The gameplay is great: it was insanely fun outsmarting the infected, circling around the clickers, burning the bloaters. Against those enemies, stealth really was a challenge and I had to manage my stress level (stalkers and runners were especially hard to deal with in the sewer); I'm convinced I would not be able to finish this game in permanent death as certain sequences took me 5-7 tries to do correctly (optimizing to use the least amount of gear or straight up surviving). It was really hard to aim well enough on a controller to be able to do headshot with consistency (this game with a controller and a mouse must feel like heaven to master).

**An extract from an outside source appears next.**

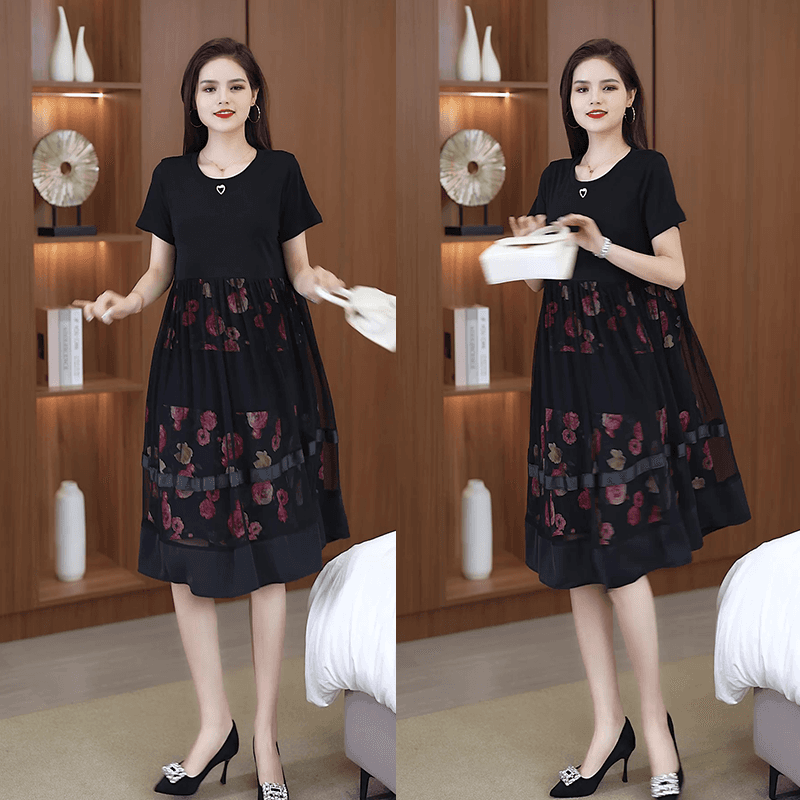 12分鐘前2025夏季新款時尚假兩件寬鬆遮肚網紗連衣裙 - 【尊享三入】僅需NT$1298(均價NT$432)

Stealth against humans is way too easy though: you can easily never use your weapons and just throw a glass bottle against the wall, cleanup with a bomb or a Molotov, and you will never be punished when doing a stealthy kill if you take too long which basically means that shiv are useless for anything other than doors (I did not buy the ability to get off the grasp of clickers with shivs).

The hostage mechanic felt so cool, but I rarely used it because I felt like I couldn't afford to waste bullets because of the resource scarcity. I would have loved the game to be more punishing and to force me to spend my gear; I was never spotted and I am horrible at stealth (hello Cyberpunk 2077).

On the writing side, the game shines even more. I was so heartbroken when Sarah was murdered, when Tess sacrificed herself, when Sam turned and Henry killed himself, when Joel said horrible things to Ellie, when he murdered all the fireflies, the surgeon, Marlene in cold blood.

And that's where the game shines! It shows you this great dynamics between Joel and Ellie, this growing bond that is so precious. You despise and love Joel: you despise his lack of moral, his emotional immaturity (not wanting to talk about the hard stuff and lying to Ellie) but you understand where it comes from, you understand why the violence happened.

This constant tension, this gray area makes the game so real and gripping; you can only look with a mix of disgust and support as you're ripping your way through the enemies in the hospital with savagery.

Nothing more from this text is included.